When studying for a doctoral degree (PhD), candidates submit a thesis that provides a critical review of the current state of knowledge of the thesis subject as well as the student’s own contributions to the subject. The distinguishing criterion of doctoral graduate research is a significant and original contribution to knowledge.
Once accepted, the candidate presents the thesis orally. This oral exam is open to the public.
Abstract
Despite the ever-increasing use of renewables for societies’ energy supply and considering the long history of using some of them such as biomass for energy generation purposes, new challenges associated with their utilization emerge.
For biomass-powered energy systems, issues such as seasonality of biomasses, supply chain problems, heat content of biomass resources, weather pollution, environmental contamination, and energy conversion limitations put the availability and affordability of such systems under question. The optimization of the energy systems considering their reliability, availability, and maintainability parameters and constraints could considerably affect the system design, and operation.

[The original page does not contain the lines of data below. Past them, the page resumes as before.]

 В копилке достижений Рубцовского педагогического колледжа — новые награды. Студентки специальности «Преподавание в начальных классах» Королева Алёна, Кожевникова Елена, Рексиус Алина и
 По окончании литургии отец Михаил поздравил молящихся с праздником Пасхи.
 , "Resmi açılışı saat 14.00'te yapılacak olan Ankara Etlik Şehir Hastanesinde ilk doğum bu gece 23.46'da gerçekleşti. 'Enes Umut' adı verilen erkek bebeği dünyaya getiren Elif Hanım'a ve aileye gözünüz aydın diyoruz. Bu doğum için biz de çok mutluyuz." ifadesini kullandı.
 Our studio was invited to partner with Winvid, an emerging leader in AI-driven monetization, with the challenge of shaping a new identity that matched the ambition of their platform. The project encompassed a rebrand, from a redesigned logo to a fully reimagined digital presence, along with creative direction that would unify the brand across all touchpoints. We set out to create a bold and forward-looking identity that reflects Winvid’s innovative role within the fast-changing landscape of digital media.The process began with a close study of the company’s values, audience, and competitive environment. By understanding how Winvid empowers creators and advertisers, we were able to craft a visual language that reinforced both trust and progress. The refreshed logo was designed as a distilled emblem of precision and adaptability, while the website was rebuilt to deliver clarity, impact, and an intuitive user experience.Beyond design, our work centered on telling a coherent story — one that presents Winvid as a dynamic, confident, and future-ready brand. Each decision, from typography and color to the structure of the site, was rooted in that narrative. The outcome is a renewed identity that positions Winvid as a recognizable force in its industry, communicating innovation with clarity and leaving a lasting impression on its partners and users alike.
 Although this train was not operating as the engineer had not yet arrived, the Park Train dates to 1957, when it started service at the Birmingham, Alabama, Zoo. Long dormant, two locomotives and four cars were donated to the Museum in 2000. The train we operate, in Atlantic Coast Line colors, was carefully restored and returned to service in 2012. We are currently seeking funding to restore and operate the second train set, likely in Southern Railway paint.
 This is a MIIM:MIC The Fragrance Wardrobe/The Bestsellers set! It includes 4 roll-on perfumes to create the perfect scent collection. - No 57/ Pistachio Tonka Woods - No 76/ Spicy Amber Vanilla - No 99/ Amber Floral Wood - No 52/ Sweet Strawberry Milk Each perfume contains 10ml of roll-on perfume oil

The research proposes optimization modeling based on the methodologies derived for hybrid energy systems (generating heat, electricity and then hydrogen), considering reliability, maintainability, and availability parameters that deliver the optimal values for cost, reliable performance parameters for operation, and available energy systems.
Such modeling is capable of being extended to be used for smart energy systems that are further hybridized by integrating other energy or product generation modules such as geothermal, solar, wind, or hydrogen-generating modules.
This modeling by using cost and pollution correlation function of systems performance parameters (modules rated capacities, use times, etc.) could be adapted to a wide range of heat and electricity energy demands (building, complex of buildings, or district heating networks) for different applications ranging from populated areas to remote off-grid communities such as northern Québec, Canada.
This modeling is flexible enough to adopt various other methods for optimization and reliability, maintainability, and availability analysis, such as Multiple Criteria Decision-Making (MCDM) techniques, to assist in achieving the most economically exploitable energy with the least pollution from various scenarios.
In this methodology, nonlinear objective functions with several criteria for decision-making, subjected to reliability parameter constraints, are used to minimize the energy generation cost and pollution and are examined for single buildings or DHS applications.
In this research, hybridization of the biomass-fuelled combined heat and power (CHP) systems is modeled by coupling such systems with geothermal and hydrogen modules. Configuration of such models was carried out by considering the particularities such as modeling the geothermal module surface and subsurface parts, hydrogen generators, and thermal energy storage components.
Sensitivity analysis of such methodologies and models is performed by scenarioizing and via scenarios considering biomass chemical compositions, wood pellets distance from consumption areas, and reliability, maintainability, and availability parameters for a single or complex of buildings. Techniques such as MCDM techniques like TOPSIS are employed to screen the optimal scenarios in multi objective optimization modeling.